We’re always hunting for those high-ceiling combinations to add to our existing game stacks. It’s better to aim at getting four things right instead of trying to hit a nine-way parlay. I’ll lean on a handful of core secondary stacks that will be finessed into lineups whenever feasible.
Ja’Marr Chase is doing Ja’Marr Chase things — leading all wide receivers in fantasy points this season. The Steelers are no cupcake matchup, but elite players are matchup-proof, and Chase is sitting at a juicy 6% pOWN. Added bonus is the leverage created off the slate’s chalkiest play, teammate Chase Brown.
Need a salary saver with real upside?

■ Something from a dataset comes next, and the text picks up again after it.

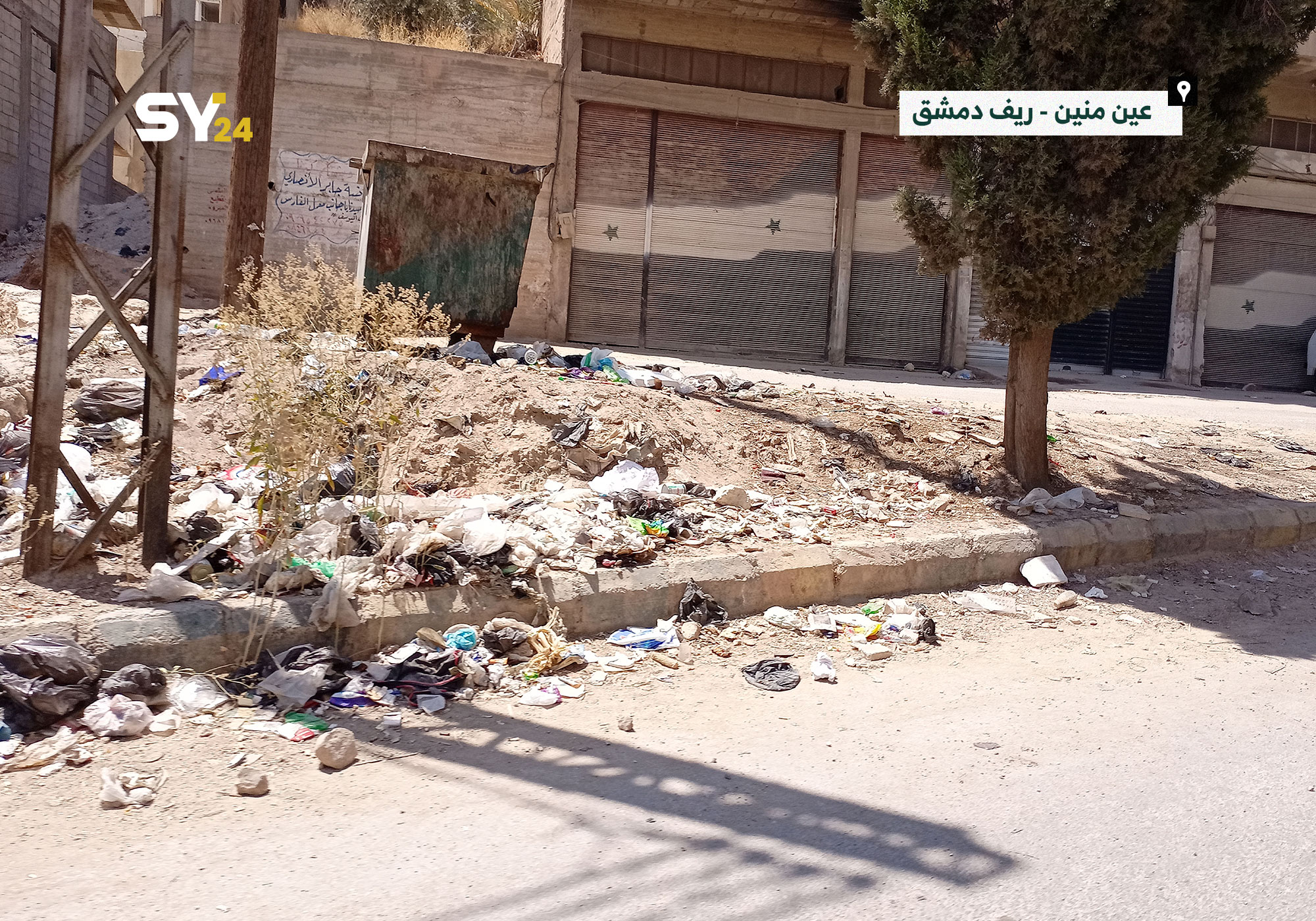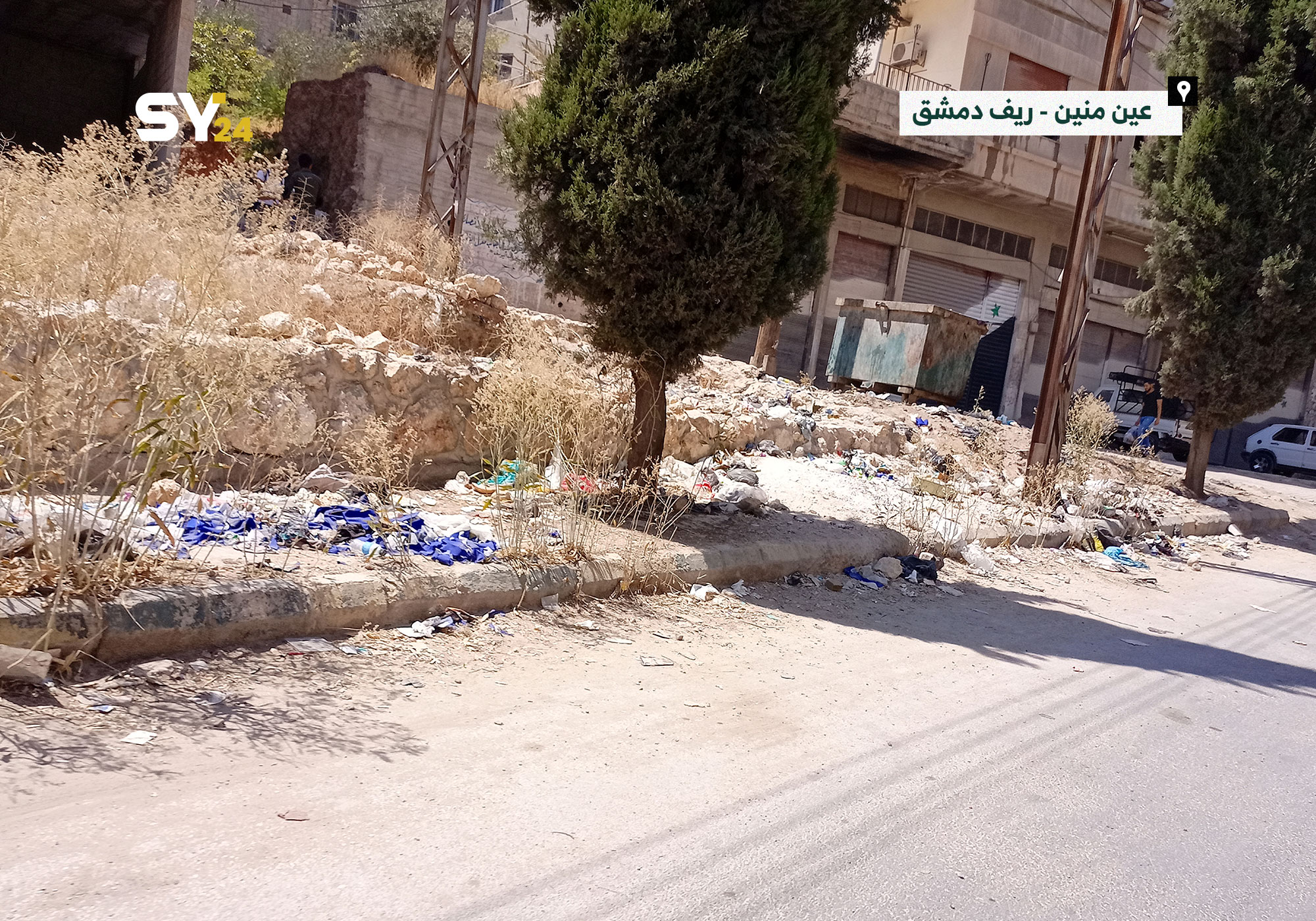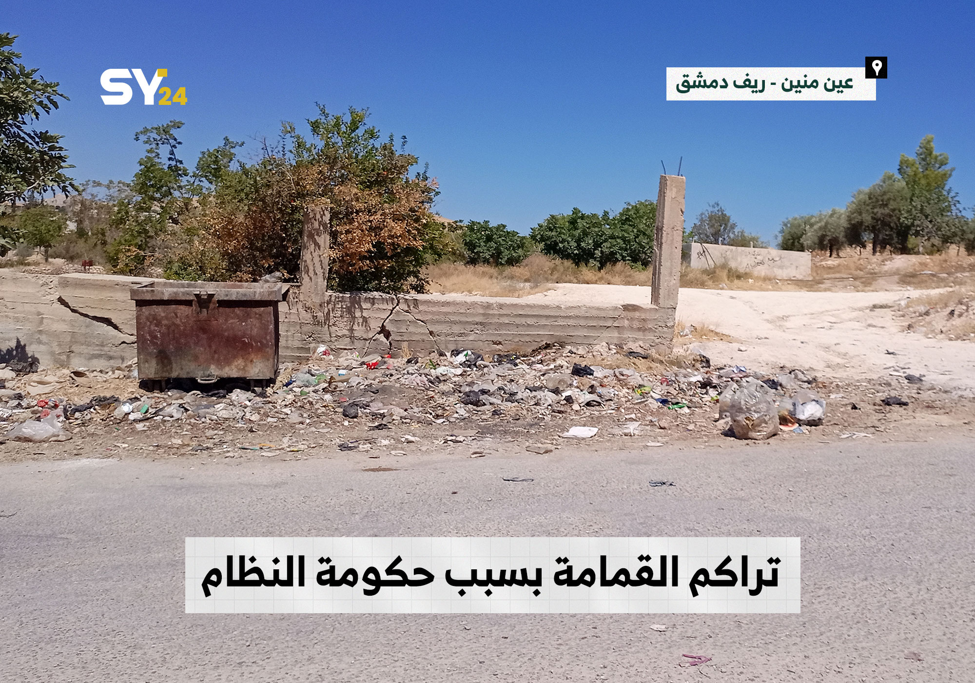 انتشار القمامة في الطرقات الرئيسية بريف دمشق، يُظهر الإهمال الواضح من قبل مؤسسات النظام في تقديم الخدمات الأساسية.
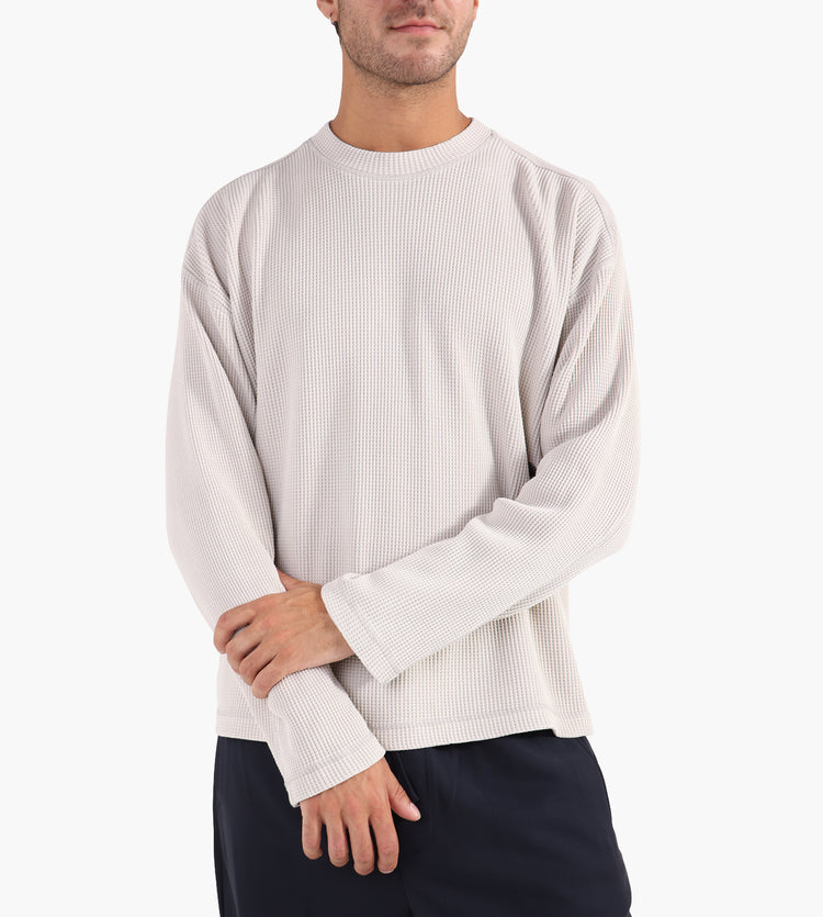 Designed with a relaxed unisex fit and hip-length cut, this crew neck longsleeve transitions seamlessly between casual outings and laid-back layering. The waffle knit construction ensures a comfortable, tactile feel against the skin, making it a versatile staple for year-round wear.

Enter Calvin Austin. At just $3,300, he has the kind of game-breaking speed to deliver on his price tag in one play. He’s boom/bust but at 1% pOWN, he’s the kind of dart throw that can swing a tournament if things break your way.
Scoring in six of his last seven games isn’t variance—it’s a trend. We have to accept the reality: NWI is simply a guy who finds the end zone. At 2.3% pOWN, I can get 4x the field exposure and still have around 135 rosters without him if he whiffs. That’s a risk-reward balance I’m happy to exploit.
Meanwhile, Noah Brown (7.6% pOWN) has been quietly commanding 6.5 targets per game over his last five outings, and they’re not empty looks. His aDOT (average depth of target) lives in the same neighborhood as Nico Collins, Tee Higgins, and Mike Evans. At $4,400, on a slate starving for cheap value, that kind of upside becomes tough to ignore.
If you think the Saints offense can get the job done against the Rams, it’s time to embrace variance. Instead of riding the wave with chalky Alvin Kamara and Taysom Hill—both projected at over 20% ownership—consider this pivot: an inexpensive Carr stack that should combine for just 8% ownership, giving you access to upside from the same offense without diving into the crowded chalk pool.
Is this stack likely to outperform Kamara or Hill? Hell no. But if the touchdowns happen to flow through this stack, the leverage is absurd. Carr isn’t the flashiest QB, but he has enough juice to make this work. MVS has the game-breaking speed to flip a slate, and Juwan Johnson is always lurking as a red-zone assassin. By leveraging these low-owned options, you’re not just playing the Saints — you’re flipping the script.